If the need is to have the best quality possible on top 10 languages, then it is better to use bilingual models (Opus is fine is you want pre-trained ones, even though Opus is not always SOTA)

If the goal is to have as many languages as possible, then NLLB is fine but the quality on top10 languages will not be very good.

1 Like

Thanks! Yeah, for the most part I’ll be running the top languages rather than every possible language.

I’m not looking to do any training myself - I just want something pretrained that has a good balance of quality and speed of translation.
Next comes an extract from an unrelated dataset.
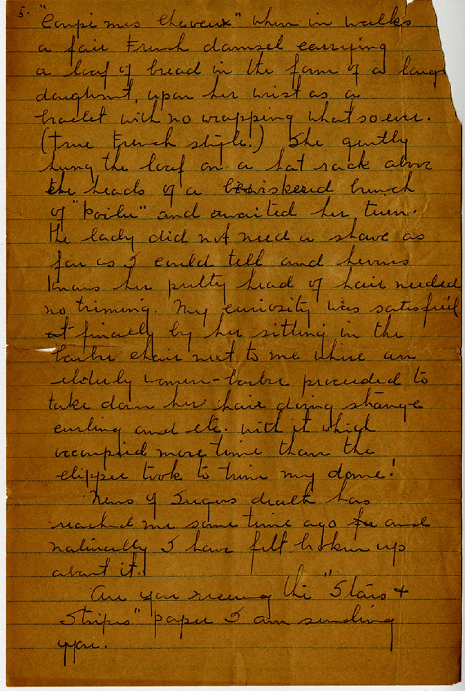 5. “Coupe mes Cheveux” when in walks a fair French damsel carrying a loaf of bread in the form of a large doughnut, upon her wrist as a bracelet with no wrapping whatsoever. (True French style.) She gently hung the loaf on a hat rack above the heads of a bewiskered bunch of “Poilu” and awaited her turn. The lady did not need a shave as far as I could tell and heavens knows her pretty head of hair needed no trimming. My curiosity was satisfied finally by her sitting in the barber chair next to me where an elderly women – barber proceeded to take down her hair doing strange curling and etc. with it which occupied more time than the clipper took to trim my dome! News of Sugers death has reached me some time ago and naturally I have felt broken up about it. Are you receiving the “Stars & Stripes” paper I am sending yyou.

Required server memory is also a factor - I’d like to have the model(s) preloaded to eliminate cold start time. I figured NLLB would suit these needs well, as compared to keeping 10-50 OPUS models preloaded.

So, when you say NLLB is “not very good” for top 10 languages, what do you mean? The tables at the top of this thread seem to show NLLB performing fairly similarly to OPUS and Google for some major language pairs…

Hi, I would like to replicate this experiment in my hardware and try some kind of domain adaptation with this model. If I can achieve some improvements in the 600M, I will try to repeat this with the bigger models.

How do you finetune NLLB? Should I take anything into account before training or is it easy to do?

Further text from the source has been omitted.